The specifying unit includes a pitch of a second musical note following the first musical note in the musical score data and a pitch of a musical note following the first musical note recognized in the musical note data. The first performance sound corresponding to the first musical score sound is determined to have ended when a period in which the degree of coincidence does not exceed a threshold value has passed a predetermined time period. The information processing apparatus according to any one of items.
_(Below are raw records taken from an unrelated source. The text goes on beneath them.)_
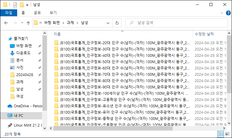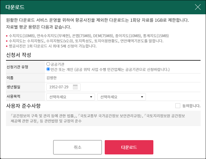 신청서는 다운로드받는 매회마다 작성하는 번거로움이 있습니다. 광주광역시 인구 데이터를 받는데 28회의 신청서를 작성했습니다. 상당한 끈기가 필요했습니다.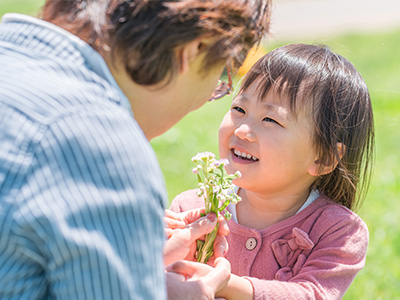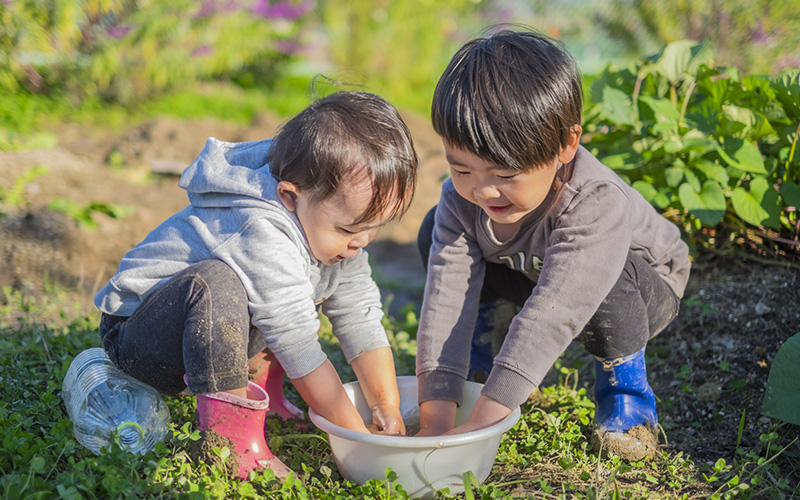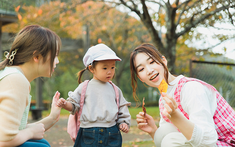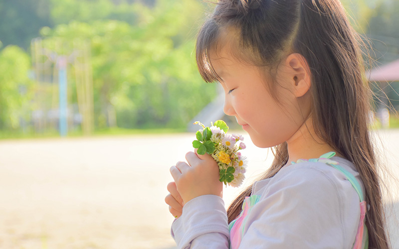 年齢を超えた幼稚園のお友達、美しいもの、命の不思議…いろんな出会いを通し、発見したり、触れたり、感じたりする体験を重ねながら豊かな感性を育てます。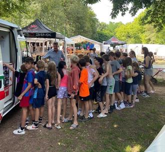 Auch in diesem Jahr überraschte Bürgermeister Markus Weber alle Kinder der Zeltlager in der Gemeinde Schwalbach mit einem Besuch des Eismanns. In der ersten Ferienwoche besuchte er zusammen mit Eismann „Armando“ die Zeltlager des TV Hülzweiler, des TV Griesborn, des KV die Bollen und des TUS Elm Sprengen. In der zweiten Woche folgte dann noch das Lager des TV Schwalbach sowie des SAV Schwalbach. Alle Kinder freuten sich riesig über die kleine Erfrischung und Bürgermeister Markus Weber dankte Armando herzlich für seinen Besuch.

The specifying unit determines that a predetermined number of times continues when a period in which the degree of coincidence between the pitch of the second musical score sound and the pitch of the performance sound following the first performance sound does not exceed a threshold has passed a predetermined number of times. By comparing a combination of pitches of a plurality of musical score sounds that are temporally continuous in the musical score data with a combination of pitches of a plurality of musical performance sounds that are continuously recognized in time in the musical performance sound data, 9. The information processing apparatus according to claim 8, wherein the correspondence relationship between the musical score sound and the performance sound is specified.

Computer,
A recognition unit that recognizes the pitch of the performance sound in the performance sound data indicating the collected performance sound,
A specifying unit that specifies a correspondence relationship between the score sound and the performance sound based on the degree of coincidence between the pitch of the score sound indicated by the score data and the pitch of the performance sound recognized in the performance sound data by the recognition unit. If the degree of coincidence between the pitch of the first musical note sound included in the musical score data and the pitch of the musical performance sound recognized in the musical performance data exceeds a threshold, the first musical score A start timing of a first performance sound corresponding to a note is specified, and a pitch of a second music sound following the first music sound in the music score data and the first pitch recognized in the performance sound data. To function as a specifying unit that specifies the end timing of the first performance sound corresponding to the first musical score sound when the degree of coincidence with the pitch of the performance sound following the performance sound exceeds a threshold value. Program of.